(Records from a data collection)
== Segment start ==

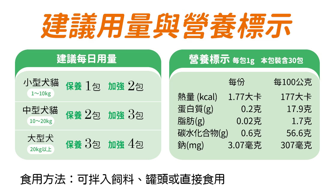 • 創造業界第一適口性,一天只需一次,一次補充【1公克】
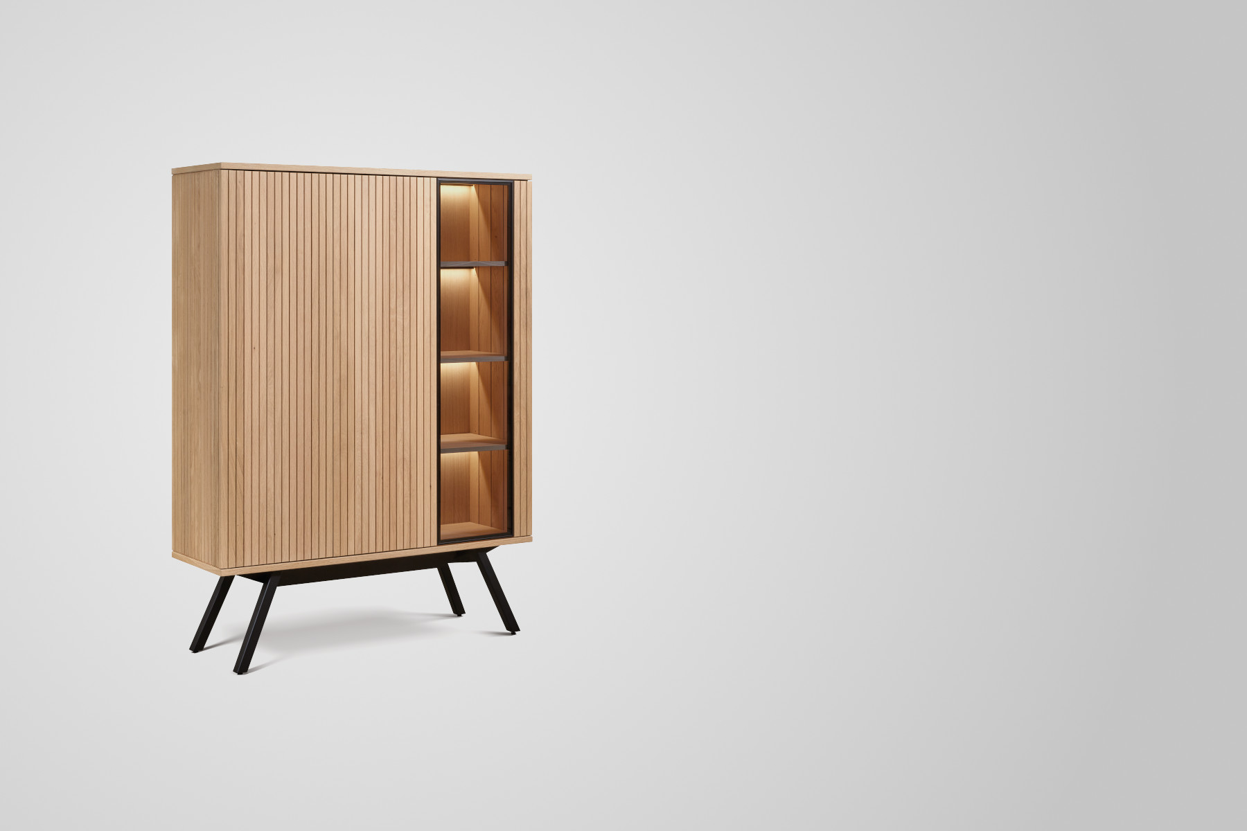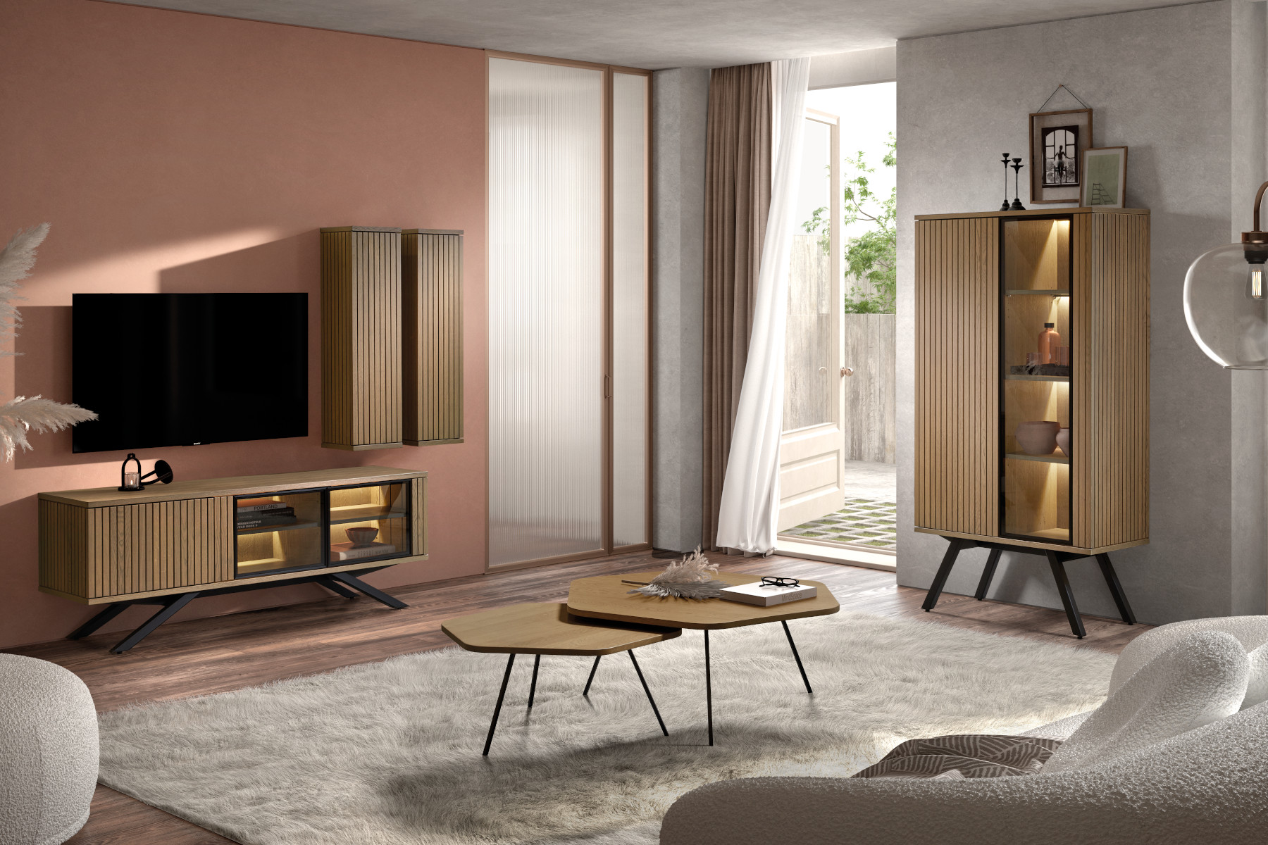 De Napoli-collectie brengt moderne verfijning en tijdloos vakmanschap in jouw interieur met dressoirs, opbergkasten, vitrinekasten, een bureau en tv-meubels, allemaal gekenmerkt door een lattenstructuur van massief eikenhout. Dit elegante ontwerp benadrukt de natuurlijke schoonheid van het hout en voegt warmte, textuur en een verfijnde uitstraling toe aan elke ruimte. Door functionaliteit te combineren met een opvallende visuele aantrekkingskracht, is de Napoli-collectie perfect voor liefhebbers van kwaliteit, stijl en verfijnd meubeldesign.
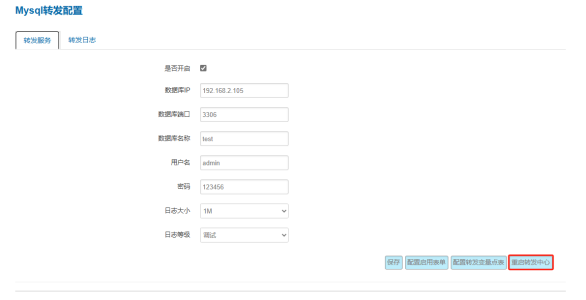 4、配置完成后,点击“重启转发中心”,使配置生效
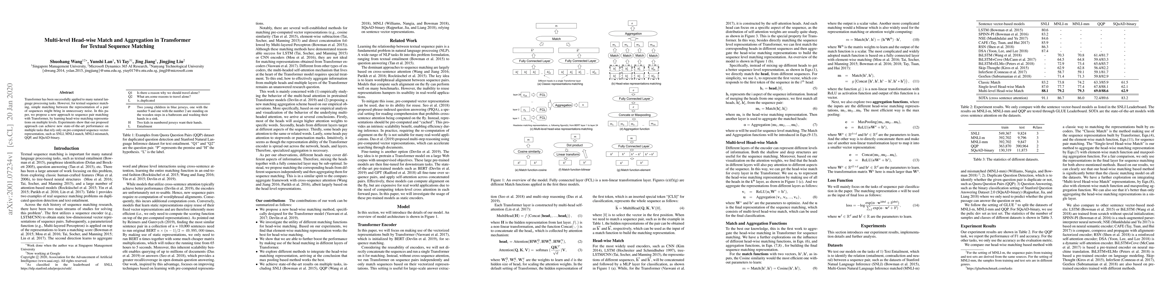 The paper introduces a novel method for textual sequence matching using Transformer, which learns head-wise matching representations on multiple levels to reduce unnecessary noise. This approach achieves state-of-the-art performance on various tasks including SNLI, MNLI-match, MNLI-mismatch, QQP, and SQuAD-binary.
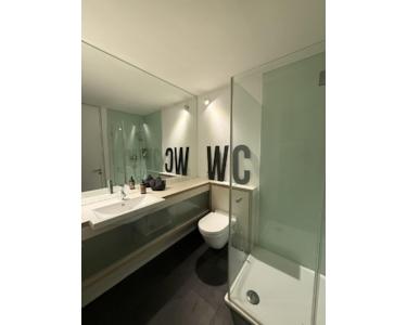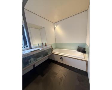 Die Wohnräume sind mit massivem Raucheiche-Stäbchenparkett ausgestattet. Der Eingangsbereich und die Badezimmer sind mit echtem Schiefer-Platten ausgelegt. Das große Badezimmer verfügt über ein Tageslichtfenster. Die Badezimmer-Einbauten sind Individualanfertigungen vom Schreiner. Ebenso sind die Garderobe, der begehbare Kleiderschrank maßangefertigt. Alle Türen sind deckenhoch und mit rahmenüberdeckenden Türblättern maßangefertigt.
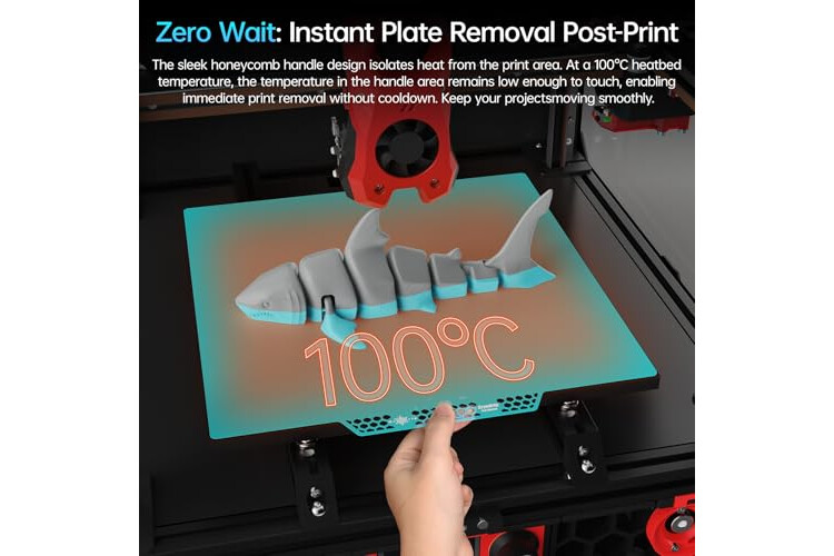 Hollow Out Handle Design: CryoGrip Pro Glacier Build Plate only heats up slightly in the hot bed at 100℃, protecting both hands. After printing is completed, the build plate can be immediately removed and replaced with a new one to continue printing, without waiting for the build plate to cool down before ...

== Segment end ==

PROBLEM DETAILS: Go through the lines above and write each one out verbatim, skipping the pictures.

EXERCISE RESPONSE:
 • 創造業界第一適口性,一天只需一次,一次補充【1公克】
 De Napoli-collectie brengt moderne verfijning en tijdloos vakmanschap in jouw interieur met dressoirs, opbergkasten, vitrinekasten, een bureau en tv-meubels, allemaal gekenmerkt door een lattenstructuur van massief eikenhout. Dit elegante ontwerp benadrukt de natuurlijke schoonheid van het hout en voegt warmte, textuur en een verfijnde uitstraling toe aan elke ruimte. Door functionaliteit te combineren met een opvallende visuele aantrekkingskracht, is de Napoli-collectie perfect voor liefhebbers van kwaliteit, stijl en verfijnd meubeldesign.
 4、配置完成后,点击“重启转发中心”,使配置生效
 The paper introduces a novel method for textual sequence matching using Transformer, which learns head-wise matching representations on multiple levels to reduce unnecessary noise. This approach achieves state-of-the-art performance on various tasks including SNLI, MNLI-match, MNLI-mismatch, QQP, and SQuAD-binary.
 Die Wohnräume sind mit massivem Raucheiche-Stäbchenparkett ausgestattet. Der Eingangsbereich und die Badezimmer sind mit echtem Schiefer-Platten ausgelegt. Das große Badezimmer verfügt über ein Tageslichtfenster. Die Badezimmer-Einbauten sind Individualanfertigungen vom Schreiner. Ebenso sind die Garderobe, der begehbare Kleiderschrank maßangefertigt. Alle Türen sind deckenhoch und mit rahmenüberdeckenden Türblättern maßangefertigt.
 Hollow Out Handle Design: CryoGrip Pro Glacier Build Plate only heats up slightly in the hot bed at 100℃, protecting both hands. After printing is completed, the build plate can be immediately removed and replaced with a new one to continue printing, without waiting for the build plate to cool down before ...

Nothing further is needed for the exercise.